___ Records for this exercise

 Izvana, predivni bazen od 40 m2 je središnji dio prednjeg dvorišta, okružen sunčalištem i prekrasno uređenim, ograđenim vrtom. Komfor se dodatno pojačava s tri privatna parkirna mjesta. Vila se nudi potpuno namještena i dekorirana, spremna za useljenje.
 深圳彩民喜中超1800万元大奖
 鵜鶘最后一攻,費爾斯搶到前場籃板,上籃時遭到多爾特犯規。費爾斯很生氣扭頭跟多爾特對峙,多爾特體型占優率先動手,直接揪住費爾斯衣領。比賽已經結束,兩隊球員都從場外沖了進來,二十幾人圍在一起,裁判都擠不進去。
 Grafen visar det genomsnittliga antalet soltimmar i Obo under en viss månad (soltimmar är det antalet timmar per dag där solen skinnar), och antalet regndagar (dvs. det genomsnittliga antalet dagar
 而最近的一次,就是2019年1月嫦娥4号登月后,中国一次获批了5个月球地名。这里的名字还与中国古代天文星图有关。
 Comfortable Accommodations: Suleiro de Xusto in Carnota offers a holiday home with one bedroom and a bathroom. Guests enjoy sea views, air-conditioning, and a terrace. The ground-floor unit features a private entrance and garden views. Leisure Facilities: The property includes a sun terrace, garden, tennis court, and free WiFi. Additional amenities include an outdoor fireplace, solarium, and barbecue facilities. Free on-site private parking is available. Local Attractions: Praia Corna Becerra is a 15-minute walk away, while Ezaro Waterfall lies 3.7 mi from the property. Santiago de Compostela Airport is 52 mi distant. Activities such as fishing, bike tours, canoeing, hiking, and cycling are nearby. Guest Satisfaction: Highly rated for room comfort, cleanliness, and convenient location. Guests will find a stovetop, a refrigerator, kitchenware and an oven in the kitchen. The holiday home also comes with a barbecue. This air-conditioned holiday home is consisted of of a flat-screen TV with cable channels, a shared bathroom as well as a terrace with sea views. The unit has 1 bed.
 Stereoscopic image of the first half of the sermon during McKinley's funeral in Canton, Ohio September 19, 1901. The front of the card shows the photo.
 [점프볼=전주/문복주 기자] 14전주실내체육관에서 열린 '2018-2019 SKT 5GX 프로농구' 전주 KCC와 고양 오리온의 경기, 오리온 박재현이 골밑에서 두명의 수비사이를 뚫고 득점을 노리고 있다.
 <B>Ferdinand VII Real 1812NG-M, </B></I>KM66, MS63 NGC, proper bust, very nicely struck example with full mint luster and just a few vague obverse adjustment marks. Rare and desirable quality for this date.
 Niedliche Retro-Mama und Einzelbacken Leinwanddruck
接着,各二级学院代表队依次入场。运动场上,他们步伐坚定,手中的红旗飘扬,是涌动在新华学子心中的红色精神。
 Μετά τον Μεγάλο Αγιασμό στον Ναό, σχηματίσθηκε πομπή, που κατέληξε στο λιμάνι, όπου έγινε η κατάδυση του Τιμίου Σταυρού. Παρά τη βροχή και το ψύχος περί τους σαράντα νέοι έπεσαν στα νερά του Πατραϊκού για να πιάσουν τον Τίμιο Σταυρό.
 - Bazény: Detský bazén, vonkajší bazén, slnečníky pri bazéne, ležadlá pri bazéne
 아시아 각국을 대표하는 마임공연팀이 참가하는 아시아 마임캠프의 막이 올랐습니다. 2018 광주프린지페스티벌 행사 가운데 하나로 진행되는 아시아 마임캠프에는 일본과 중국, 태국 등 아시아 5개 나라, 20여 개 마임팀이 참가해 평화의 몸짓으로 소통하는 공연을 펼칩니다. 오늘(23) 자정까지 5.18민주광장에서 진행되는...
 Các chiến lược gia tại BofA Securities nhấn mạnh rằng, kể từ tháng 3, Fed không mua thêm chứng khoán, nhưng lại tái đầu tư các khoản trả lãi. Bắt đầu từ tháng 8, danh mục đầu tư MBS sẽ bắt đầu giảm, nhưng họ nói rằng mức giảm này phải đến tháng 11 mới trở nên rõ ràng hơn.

______

Exercise instructions:
The entries above hold a line with "Stereoscopic image of" and a later line with "接着,各二级学院代表队依次入". Write out exactly those lines and all lines between, nothing more.

Expected answer:
 Stereoscopic image of the first half of the sermon during McKinley's funeral in Canton, Ohio September 19, 1901. The front of the card shows the photo.
 [점프볼=전주/문복주 기자] 14전주실내체육관에서 열린 '2018-2019 SKT 5GX 프로농구' 전주 KCC와 고양 오리온의 경기, 오리온 박재현이 골밑에서 두명의 수비사이를 뚫고 득점을 노리고 있다.
 <B>Ferdinand VII Real 1812NG-M, </B></I>KM66, MS63 NGC, proper bust, very nicely struck example with full mint luster and just a few vague obverse adjustment marks. Rare and desirable quality for this date.
 Niedliche Retro-Mama und Einzelbacken Leinwanddruck
接着,各二级学院代表队依次入场。运动场上,他们步伐坚定,手中的红旗飘扬,是涌动在新华学子心中的红色精神。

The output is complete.